Lors d’une conférence internationale sur la non prolifération, l’Inde demande à nouveau que les puissances nucléaires renoncent à leurs armes mais en même temps l’Inde refuse qu’on la dépossède de ses droits de se lancer dans le nucléaire civil ou militaire. En avril 1968, Indira Gandhi explique qu’elle votera contre le traité de non-prolifération ; elle ajoute que l’Inde ne trouvera pas la sécurité en se lançant dans un programme nucléaire militaire.
Mais, malgré les ordres donnés par le président de la Commission de l’Energie Atomique, le Dr Sarabhai, un petit groupe de physiciens menés par le Dr Ramanna décide de poursuivre les travaux sur le nucléaire militaire et ils associent à ces travaux des militaires. Finalement le Dr Sarabhai se rend compte de ce qui se passe dans son dos mais laisse faire.
En 1969, India Gandhi s’est imposée sur la scène politique et le Dr Sarabhai, parallèlement à ses activités à la Commission d el’Energie Atomique, a développé le programme de missiles indiens. Mais il décèdera en 1971 d’une crise cardiaque.
Pendant ce temps l’équipe de scientifiques autour du D Ramanna poursuit ses travaux. Il reste à mettre au point le détonateur du plutonium et surtout il faut attendre le feu vert du premier ministre. En 1971, Indira Gandhi ne cache plus son intention d’aller plus loin ce qui inquiète les canadiens et les américains.

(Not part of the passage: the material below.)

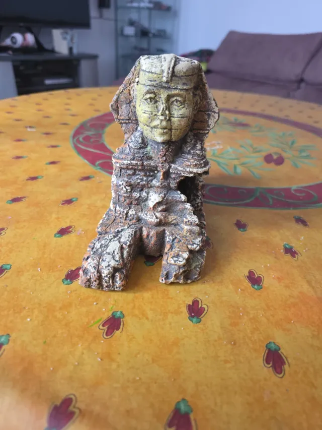 Figura decorativa con forma de esfinge, ideal para acuarios. - Diseño detallado. - Material resistente para ambientes acuáticos.

1971: Guerre pakistano-bangladeshi-indienne. La répression menée par l'ouest du Pakistan aboutit à une crise dans la région, notamment à un mouvement sécessionniste dans l'est du Pakistan, qui va devenir plus tard le Bangladesh. L'Inde intervient aux côtés du Bangladesh. Les Etats-Unis envoient un porte-avions nucléaire, l'Enterprise, dans la baie du Bengale.
En 1972, Indira Gandhi autorise le Chairman de l’Atomic Energy Commission à aller de l’avant avec la bombe atomique. Début 1973, le Dr Ramanna et le Chairman de l’AEC rencontrent Indira Gandhi. Certains conseillers d’Indira Gandhi sont contre la bombe et contre l’essai nucléaire. Indira Gandhi laisse parler les scientifiques, ne pose pas de question et aurait simplement dit : « let’s have it » (Faisons-le !)
Le 2 mai 1974, à 8H05, la première explosion
nucléaire indienne a lieu
L’Inde devient le 6ème pays à tester avec succès l’arme atomique.
Les réactions seront vives dans le monde et l’Inde lance une offensive diplomatique en continuant d’appeler ce test une "Peaceful Nuclear Explosion".